11 Time Management Skills to Work Less and Earn More

“Productivity is a way to success,” most books and courses on entrepreneurship say. This statement becomes a motto for those willing to improve time management skills: the more you work and the more projects you have, the more money and the more success you get.

In other words, you try to seize the unseizable.

One day, when you’ve got a business website, blog, reputation, followers on social media, and dozens of important tasks to complete, you understand that you can’t just wake up and start working.

You need effective time management techniques. And a plan.

Stellar time management skills are what makes remote work or business management not everyone’s cup of tea. When you don’t have any outside motivation when you overestimate your abilities, eliminate possible force majeure, praise multitasking, and avoid delegating — you risk failing the plan again and again.

So what do you do?

Master the art of good time management to work less but more efficiently. For that, try the following timeless time management tips.

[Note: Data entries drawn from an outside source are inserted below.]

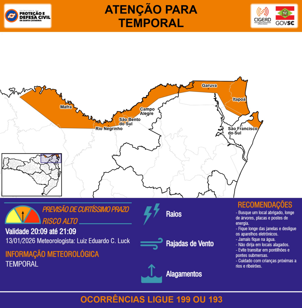 ATENÇÃO – 13/01 20:09 – TEMPORAL com RAIOS, RAJADAS DE VENTO e ALAGAMENTOS para os municípios de Campo Alegre, Garuva, Itapoá, Mafra, Rio Negrinho, São Bento do Sul e São Francisco do Sul na próxima hora. Ocorrências ligue 199 ou 193.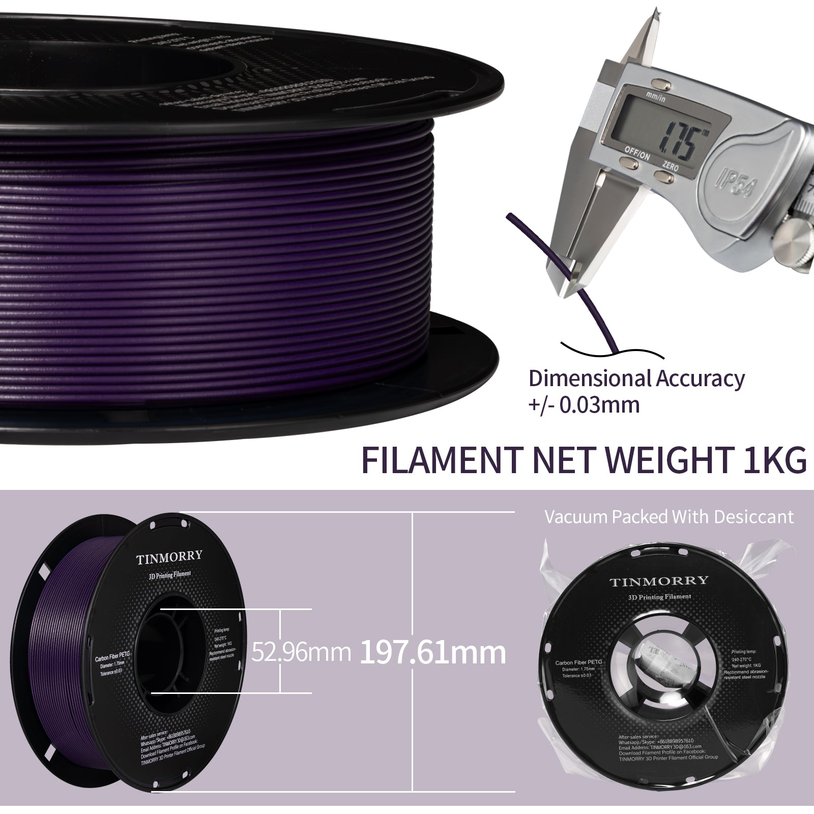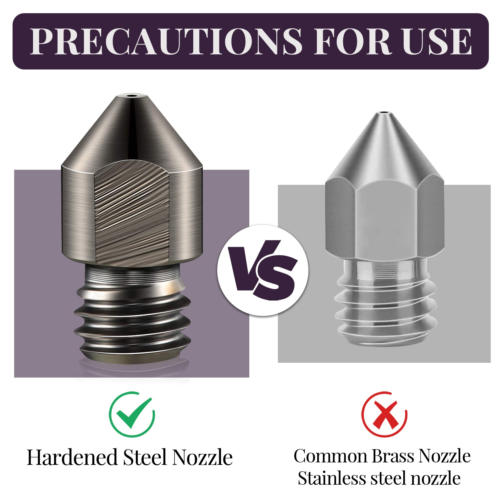 - Tips: 1. Dry before use for the highest print quality (65 °C, 8 h). Printing and Keeping Container's Humidity < 20% RH (Sealed, with Desiccant). 2. Do not use conventional brass nozzles! As the filament contains real carbon fibers, you have to use wear-resistant steel nozzles (≥ 0.4 mm; 0.6 mm is better). 3. To get stronger Z-adhesion, please set a higher infill density and use an enclosed printer; lower the fan percentage to avoid overcooling. 4. Containing 15% professionally processed short-cut carbon fiber masterbatch (NOT carbon fiber powder). Be sure to wear protective equipment when you cut, sand, grind, or saw something made with CF/GF filaments, as carbon fiber dust will be created!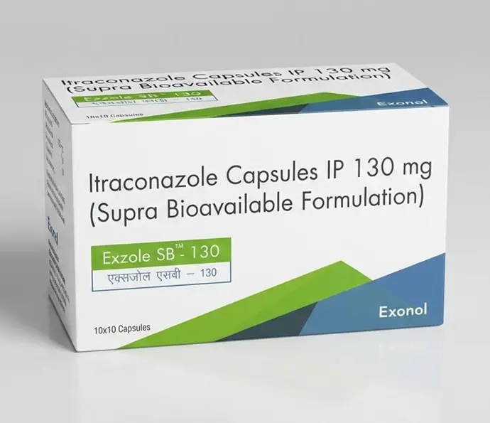 Advanced Antifungal Therapy with Enhanced Bioavailability: Exzole-SB 130mg is a super bio-available formulation of Itraconazole, developed to deliver superior absorption, improved efficacy, and consistent therapeutic outcomes in a wide range of fungal infections.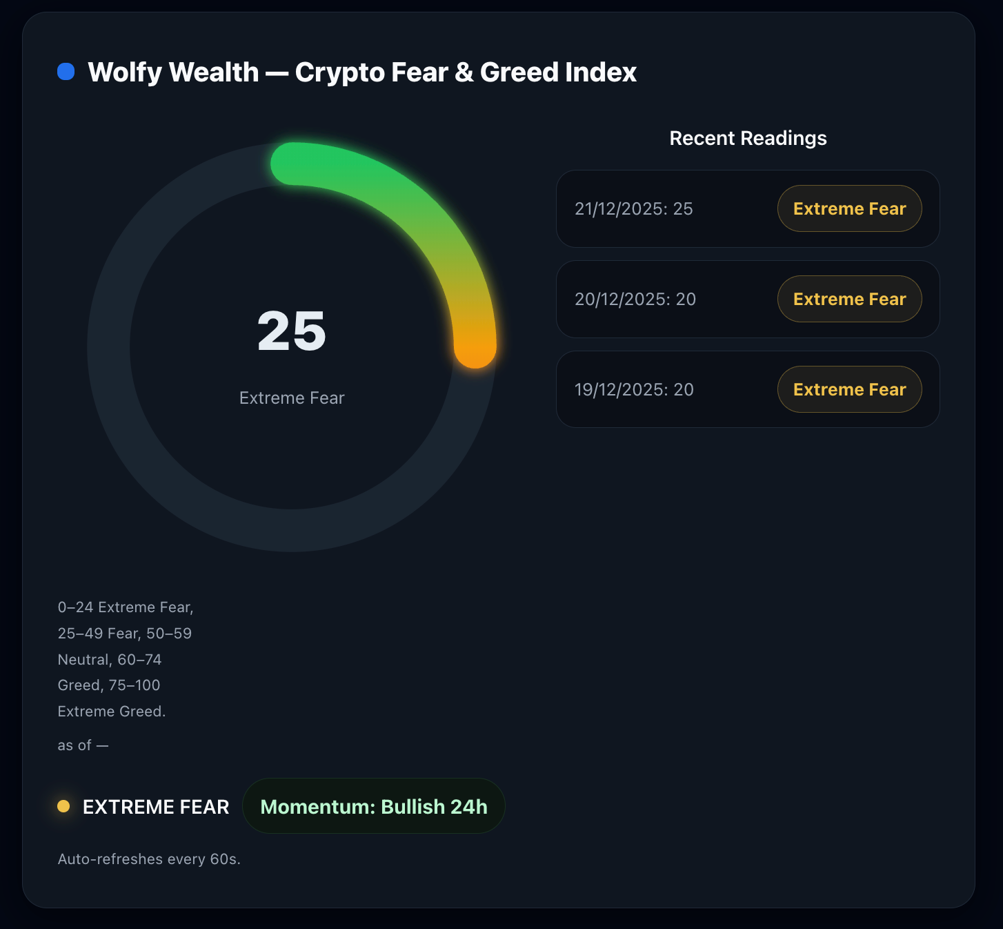 Want real-time alerts when fear hits extremes? Looking for detailed entry setups and risk management plans? Wolfy Wealth PRO delivers deep crypto analysis, on-chain insights, and model trades to help you capitalize on market sentiment shifts. Get the full playbook and savvy signals in today’s Wolfy Wealth PRO brief.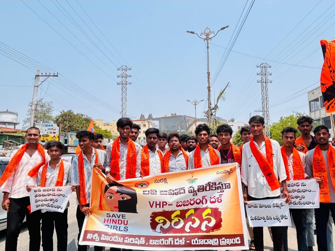 BHNG: విశ్వహిందూ పరిషత్, బజరంగ్ దళ్ ఆధ్వర్యంలో దేశంలో పెరుగుతున్న లవ్ జిహాద్, అక్రమ మత మార్పిడులకు వ్యతిరేకంగా నిరసన చేపట్టారు. ఈ సందర్భంగా వీహెచ్పీ జిల్లా ప్రచార ప్రముఖ్ పవన్ కుమార్ మాట్లాడుతూ.. ప్రణాళికాబద్ధంగా జరుగుతున్న ఈ కుట్రలను ప్రతి ఒక్కరూ ప్రశ్నించాలని పిలుపునిచ్చారు. యువతుల జీవితాలతో ఆడుకుంటున్న వికృత మనస్తత్వాలపై పోరాడాల్సిన అవసరం ఉందన్నారు.
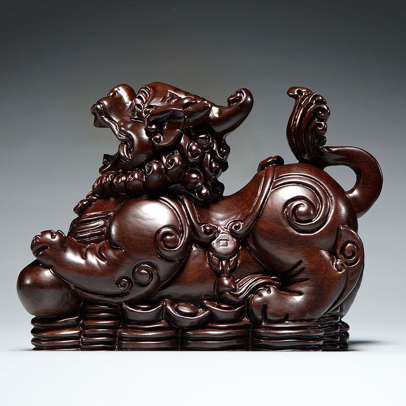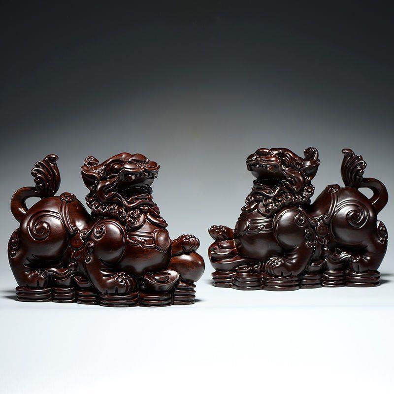 黑檀木雕貔貅摆件红木貔貅家居办公室玄关风水装 饰工艺品开业送礼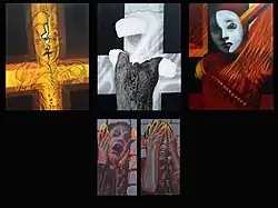 Yolanda Feinduras Ausstellung Letzte Worte zum Trauma[29] wurde im Jahr 2010 in der Galerie des Atelierhofs durch Dr. Gabriele Treu vom Notruf für vergewaltigte Frauen und Mädchen (Bremen) eröffnet[30] und zeigte Gemälde aus den Jahren 1997 bis 2010, wie zum Beispiel den fünfteiligen Altar Trauma, der die Biografie des in der Irakoffensive der US-Armee im Jahr 2003 brandverletzten und beidseits armamputierten 12-jährigen Kriegswaisen Ali Ismail Abbas als ikonografischen Ausgangspunkt nahm und den Begriff der Traumatisierung allgemeingültig erweiterte, wie in dem Diptychon Innen und Außen.[31]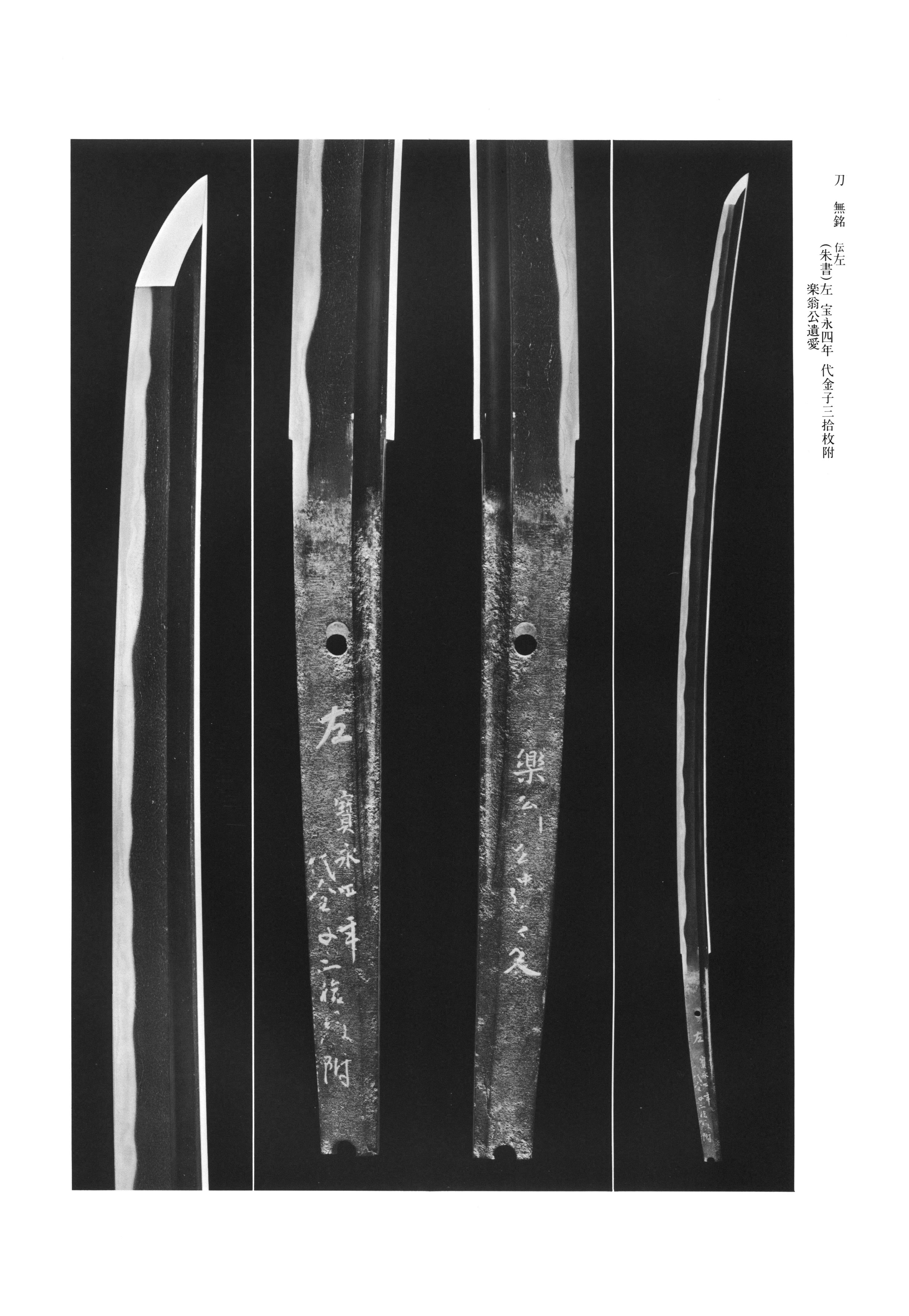 (左文字), commonly known as O- or ("Great "), was a swordsmith of Province active in the early period. He is traditionally transmitted as the grandson of Sairen and the son of Jitsua, and the character "" (左) in his signature is understood as an abbreviation of "Saemon Saburo." Since the period, sword treatises have recorded him among the outstanding disciples of Masamune of , and though the validity of this remains open to further examination, - influence is unmistakably present in his work. broke decisively from the older, classical manner of Kyushu workmanship -- a style in which both and tended to be subdued and rustic, with tempering built principally around -- and established a refined, sophisticated idiom not previously seen among Kyushu-made blades. From his lineage emerged many highly skilled disciples -- Yasuyoshi, Yukihiro, Yoshisada, Kunihiro, Hiroyasu, Hiroyuki, Sadayoshi, and others -- each inheriting aspects of the master's manner and flourishing greatly during the period.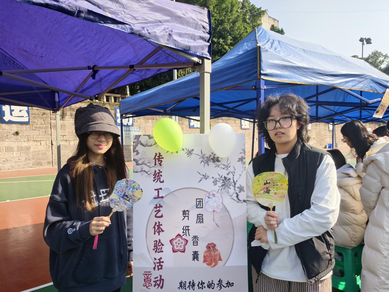 活动在“心理+文化”趣味问答中拉开序幕,同学们踊跃抢答,迅速点燃了现场热情。随后的“心流创作”环节,伴随着悠扬的古风音乐,同学们专注投入手工制作,彼此交流技艺,现场欢声笑语不断。香囊中藏入心愿寄语,剪纸勾勒情感脉络,团扇绘就心灵风景——传统工艺化身为承载情绪的“情感容器”,实现了文化传承与心理建设的有机统一。

What Are the Best Time Management Skills?

Here are my picks for the best time management skills to master.

1. Set Tangible Goals.

As a freelancer, a remote worker, or a business owner, you certainly need to have day plans. It helps to organize work, but there’s a small problem: with day plans, you’ll know what to do; but you won’t know why to do this.

Abstract goals such as making more money online don’t work here. You can’t be productive if you don’t understand where this productivity leads you. For successful work, practice long-term planning and goal setting: Set goals that are tangible by asking where you want to be in a year or five, and how this goal’s related to what you do today.

Tangible goals give you long-term vision and short-term motivation to work. To make them more powerful, use the technique known as smart goals (the SMART acronym):

  • Specific (so you could see the direction to follow)
  • Measurable (so you could have realistic deadlines to finish them)
  • Attainable (so you could understand they are realistic enough to accomplish)
  • Relevant (so they would align with the direction you want your career to take)
  • Time-bound (so you could set a deadline for them to accomplish).

2. Convert Plans into Tasks.

Okay, you’ve set goals for a year or two. Let’s say you plan to publish a book or become a top freelance copywriter in your country. But when and what are you going to do for these goals to materialize?

You need to convert those long-term plans into specific important tasks you’ll complete to achieve the goal. Deadlines play a significant role here: you have 52 weeks to implement a year plan, so assign one related task per week and add it to your to-do lists to make it in time.

And certainly, don’t ignore associated activities if any: write for the media, create a series of individual consultations, promote your business accounts, take part in webinars, etc.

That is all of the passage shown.